Far more of a concern than the physical aspect of removing the pipe is the question of what to remove. This question is most easily answered where a failure has occurred; that failure now defining the specific area of interest. But for general inquiries, one needs special mechanical clairvoyance in selecting the one or two examples of pipe representative of the entire system. Removing a sample of pipe not relative to the concern, and the entire effort becomes either worthless or even worse – misleading to the corrosion conditions present.
Most pipe is removed where easiest and most convenient, rather than where the most appropriate. Smaller pipe is favored for the obvious reasons, which means a lab analysis result quite different from what exists at the larger diameter mains. Data centers, critical operations, and almost all large commercial office building are today 24/7 operations, which entirely eliminates any possibility of determining the condition of any pipe unless it can be briefly isolated from the main.
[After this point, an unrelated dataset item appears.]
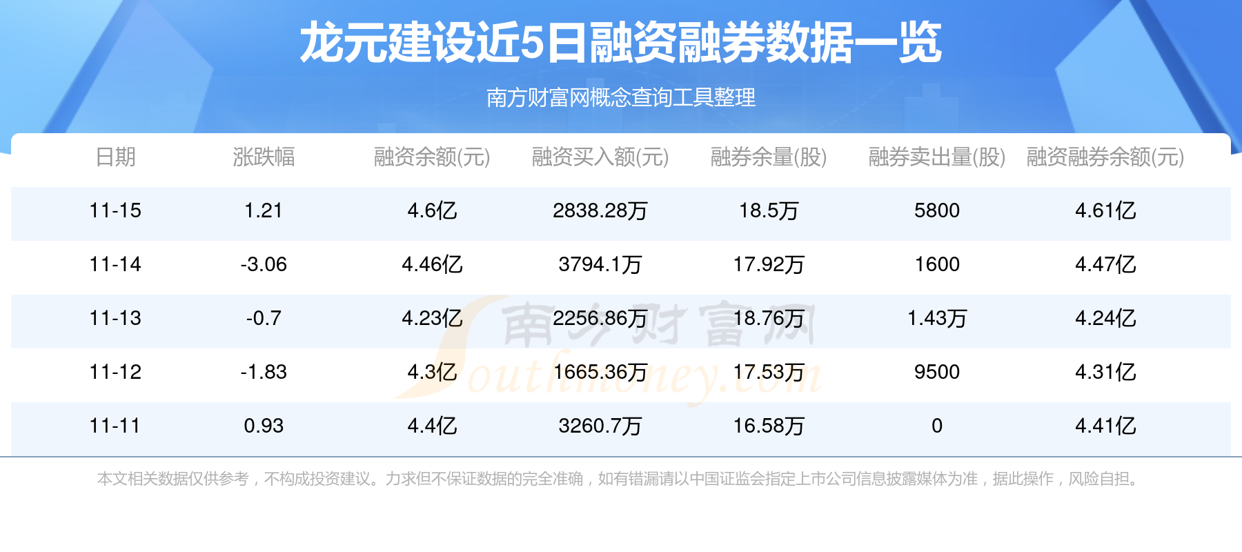 11月15日龙元建设融券信息显示,融资方面,当日融资买入2838.28万元,融资偿还1476.66万元,融资净买额1361.62万元。近5日融资融券数据一览见下表:

For most properties, cutting out any any 24 in. or larger diameter piping for metallurgical inspection is totally impossible.
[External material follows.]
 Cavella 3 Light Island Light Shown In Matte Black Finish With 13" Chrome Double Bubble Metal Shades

Basing capitol decisions on a piping evaluation providing limited information gained from one or two non-representative samples is therefore a risky gamble.
A further issue is the amount of information derived. Tasked with identifying the underlying cause of a weld failure, pinhole at a copper domestic water line, a split weld seam, a thread or soldered joint failure, or to confirm or identify the ASTM specification of a section of questionable steel pipe – metallurgical testing excels as an investigative tool. For the more common questions below, ultrasonic testing combined with thorough data analysis is far more useful.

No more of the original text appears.